Sunday, 5 May 2024

Investor sentiment and stock prices

Last week in my ECONS101 class, we covered (among other things) the economics of financial markets. In particular, we looked at explanations for why the value of financial assets rarely represents the expected value of future cash flows or profits (the asset's fundamental value). As part of this, we discussed the formation (and the bursting) of asset bubbles.

Asset bubbles form because of self-fulfilling prophecies: If investors believe that the price of a financial asset is going to go up, many will buy the asset. This raises the demand for the asset, and the price of the asset goes up, which is exactly what investors expected to happen. Because the price is increasing and this increase is due only to investors’ expectations about the future, the price of assets gets pushed beyond the asset’s fundamental value – this is an asset bubble.

Notice the key role of expectations in the formation of asset bubbles. Investors' expectations can be affected by any number of different things, one of which is their general mood (as shown in this research). In other words, investor sentiment is an important component of investors' expectations, and is therefore an important factor in asset prices. As John Maynard Keynes wrote in The General Theory of Employment, Interest and Money:

...the market will be subject to waves of optimistic and pessimistic sentiment, which are un-reasoning and yet in a sense legitimate where no solid base exists for a reasonable calculation...

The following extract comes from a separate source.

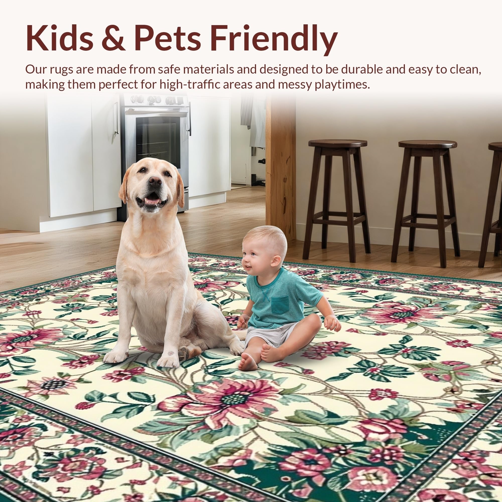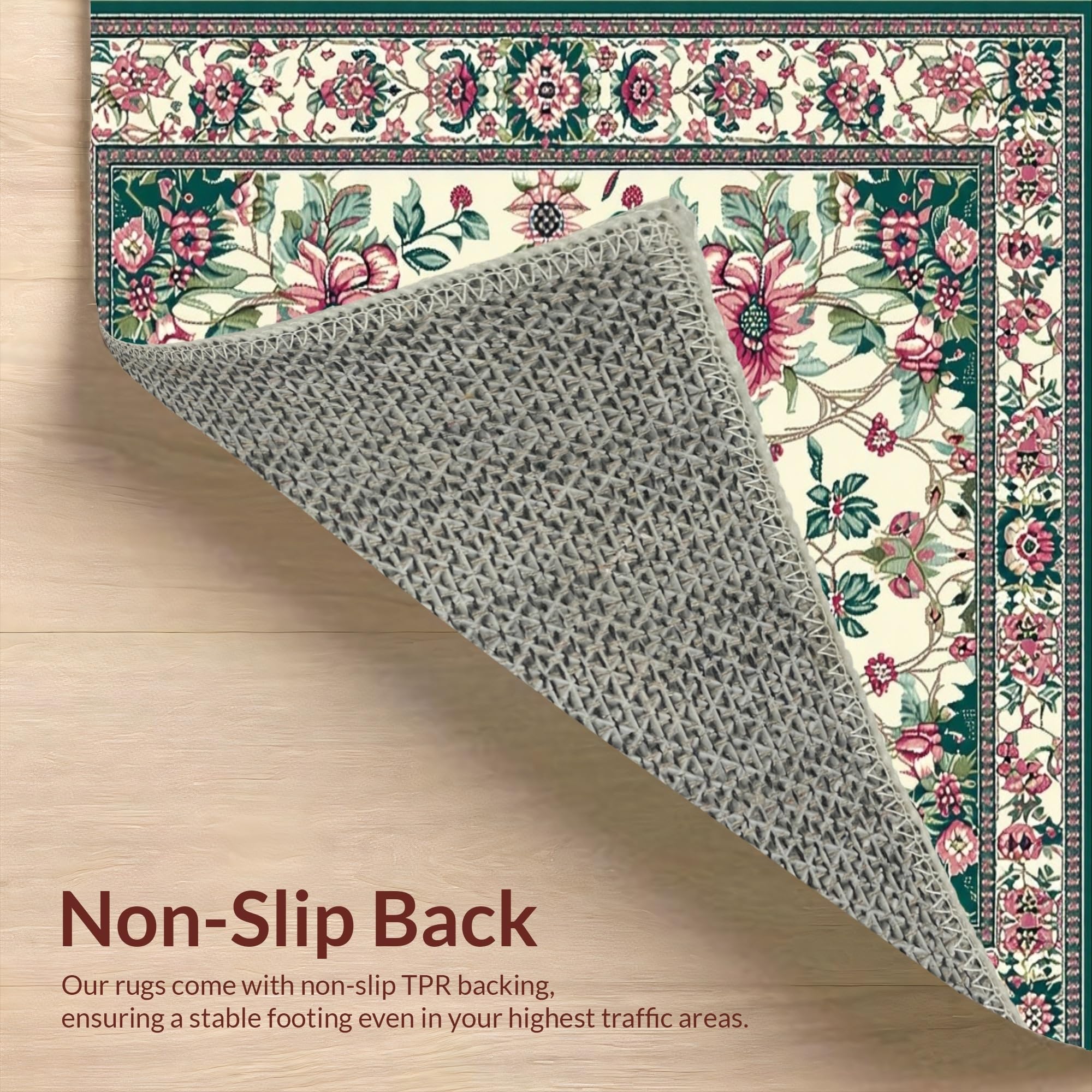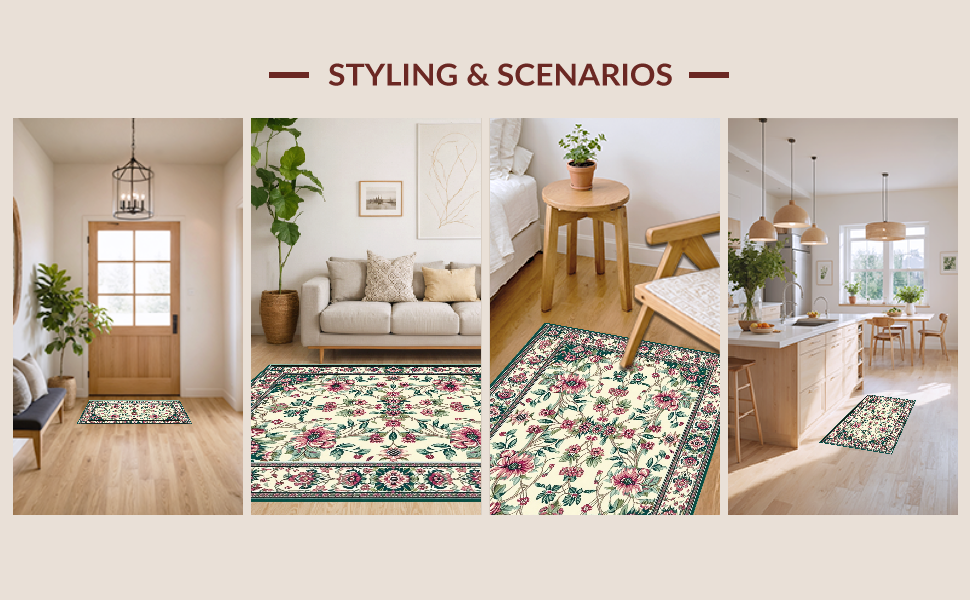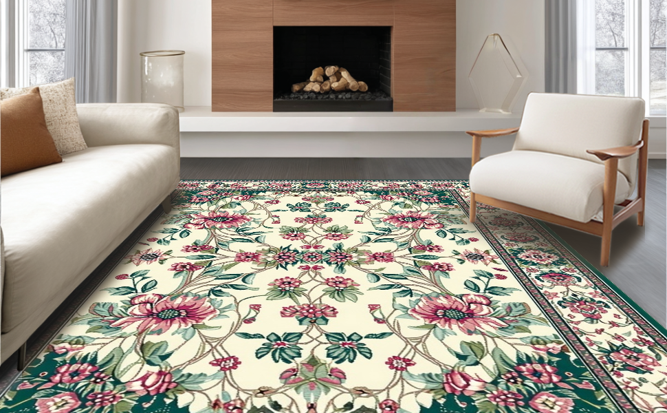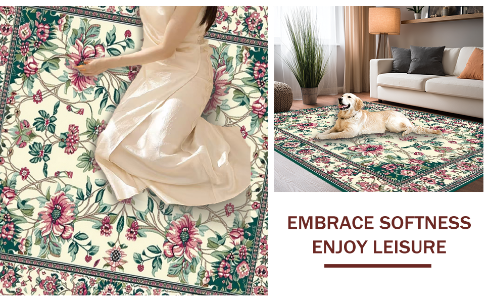 Ultra Soft Area Rug, Non Slip, Stain Resistant, Washable Area Rugs for Living Room, Bedroom, Delicate Floral and Feather Fusion(Beige) Overview:

Knowing that I would be covering this topic, and the importance of sentiment I was interested to read this article in The Conversation by Jedrzej Bialkowski and Moritz Wagner (both University of Canterbury), back in May. They have developed an index of investor sentiment for New Zealand. As they explain:

Market sentiment refers to the overall attitude of investors. It is commonly summarised as bullish (expecting increasing prices), bearish (expecting decreasing prices), or neutral (expecting no or only little changes in price). Such sentiment is not always based on fundamentals such as revenue, profitability and growth opportunities...

Every week since January 2020, we asked registered members of the NZSA whether they expected the stockmarket to increase (bullish), decrease (bearish) or stay the same (neutral) over the next six months. The NZSA has about 1,200 members, a quarter of whom receive email invitations to participate in the survey.

Bialkowski and Wagner then use their index of sentiment to explore the New Zealand equity market:

During the first four weeks of this year, expectations that stock prices will rise over the next six months remained elevated at 40%. In other words, 40% of the surveyed investors believe the NZ equity market will increase in the first six months of 2024. At the same time, bearish sentiment, expectations that stock prices will fall over the next six months, fluctuated around 16%.

So, despite the mounting global and local uncertainties, retail investors are optimistic about the equity market. Bullish sentiment is stronger and bearish sentiment weaker than the historical average levels of 28% and 36%, respectively.

On the back of last year’s strong market performance and a better-than-expected economy, investor optimism carries forward.

However, since sentiment is known to be a contrarian indicator, informed investors should be cautious going further into the new year.

There is definitely some hedging of bets in that last sentence. It will be interesting to see how this measure of investor sentiment performs over time, and whether it has any predictive value.